Caveats on Gradients and Performance

A few notes on performance and gradients:

  1. As this is using reverse-mode AD it will be efficient for fairly large systems as long as the ultimate value of your differentiable program. With a little extra work and unit tests, it could support structured matrices/etc. as well.
  2. Getting to much higher scales, where the A,B,C,D are so large that matrix-free operators are necessary, is feasible but will require generalizing those to LinearOperators. This would be reasonably easy for joint likelihood and feasible but possible for the Kalman filter.
  3. At this point, there is no support for forward-mode auto-differentiation. For smaller systems with a kalman filter, this should dominate the alternatives, and efficient forward-mode AD rules for the kalman filter exist (see the supplementary materials in the Differentiable State Space Models paper). However, it would be a significant amount of work to add end-to-end support and fulfill standard SciML interfaces, and perhaps waiting for Enzyme or similar AD systems that provide both forward/reverse/mixed mode makes sense.

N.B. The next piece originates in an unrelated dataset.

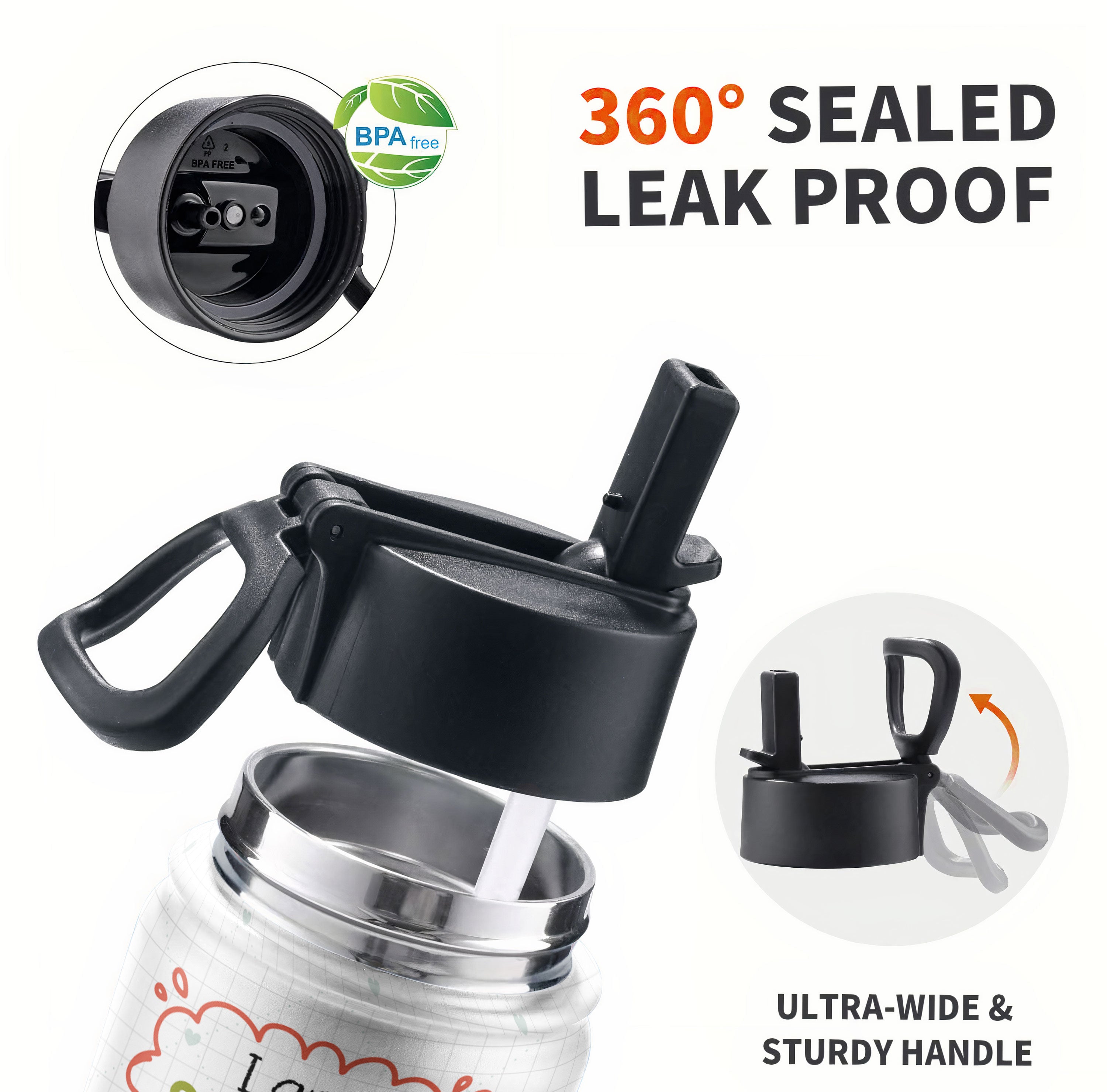 - Features a folding straw lid that is leak-proof when closed securely. The straw allows for one-handed drinking.

  4. Forward-mode AD is likely inappropriate for the joint-likelihood based models, since the dimensionality of the noise is always large.
  5. The gradient rules are written using ChainRules.jl so in theory they will work with any supporting AD. In practice, though, Zygote is the most tested, and other systems have inconsistent support for Julia at this time.